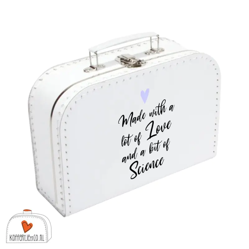 Mooi koffertje met de tekst: “Made with a lot of love and a bit of science” waarin je alle spulletjes van je fertiliteitstraject kunt bewaren. Ben je bezig of ga je beginnen met IVF, ICSI, IUI of een ander fertiliteitstraject en zoek je een manier om elk aandenken op weg naar een kindje te bewaren? Alle spuiten, echo’s, kinderwens mijlpaalkaarten en andere zaken. De een gooit ze het liefst meteen weg, maar de ander geeft ze graag een plekje. Hiervoor kun je dit koffertje gebruiken zodat je alle spulletjes uit je traject op een mooie plek kunt bewaren.
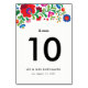 Apresentando um spray colorido de flores inspiradas no bordado mexicano, este número de mesa branca de lado duplo é um excelente adicional ao seu decor de recepção. Personalize todo o texto, incluindo o nome da mesa, o número e se torne criativo com as duas linhas de texto na parte inferior, com seus novos sobrenomes, data de casamento, local e até nomes de mesas personalizados ou uma nota personalizada sobre sua história de amor.
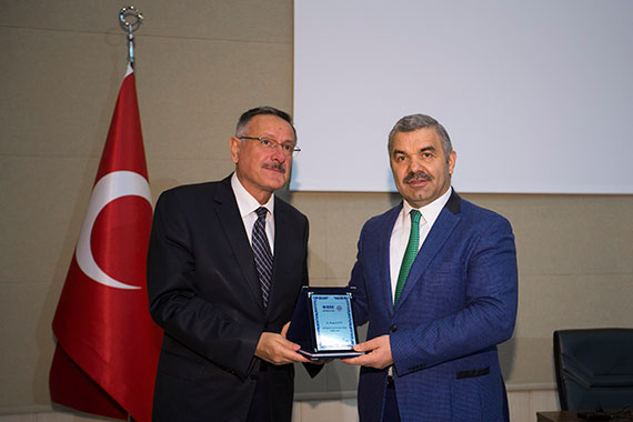 Söyleşinin ardından Büyükşehir Belediye Başkanı Mustafa Çelik'e Erciyes Üniversitesi Rektör Yardımcısı Prof. Dr. Mustafa Kemal Apalak ile Mühendislik Fakültesi Dekanı Prof. Dr. Kenan Danışman tarafından günün anısına birer teşekkür plaketi verildi.
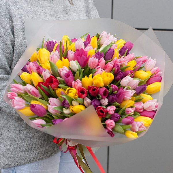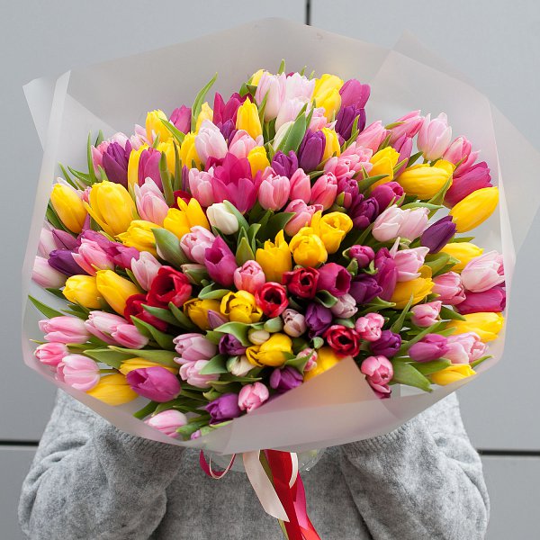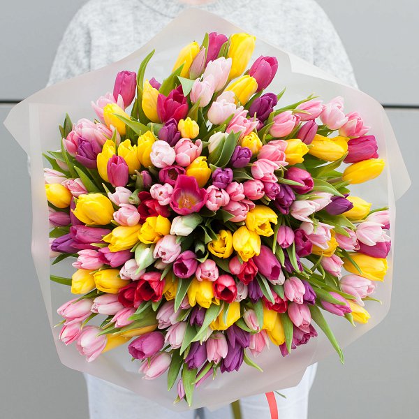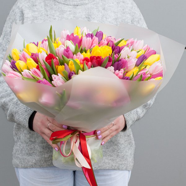 Букет состоит из 151 разноцветного тюльпана, что делает его ярким и запоминающимся.

» **Work item**:
Exactly repeat only the lines from the one with "Apresentando um spray" to the closing line above, both included, and omit every picture.

» **Worked solution**:
 Apresentando um spray colorido de flores inspiradas no bordado mexicano, este número de mesa branca de lado duplo é um excelente adicional ao seu decor de recepção. Personalize todo o texto, incluindo o nome da mesa, o número e se torne criativo com as duas linhas de texto na parte inferior, com seus novos sobrenomes, data de casamento, local e até nomes de mesas personalizados ou uma nota personalizada sobre sua história de amor.
 Söyleşinin ardından Büyükşehir Belediye Başkanı Mustafa Çelik'e Erciyes Üniversitesi Rektör Yardımcısı Prof. Dr. Mustafa Kemal Apalak ile Mühendislik Fakültesi Dekanı Prof. Dr. Kenan Danışman tarafından günün anısına birer teşekkür plaketi verildi.
 Букет состоит из 151 разноцветного тюльпана, что делает его ярким и запоминающимся.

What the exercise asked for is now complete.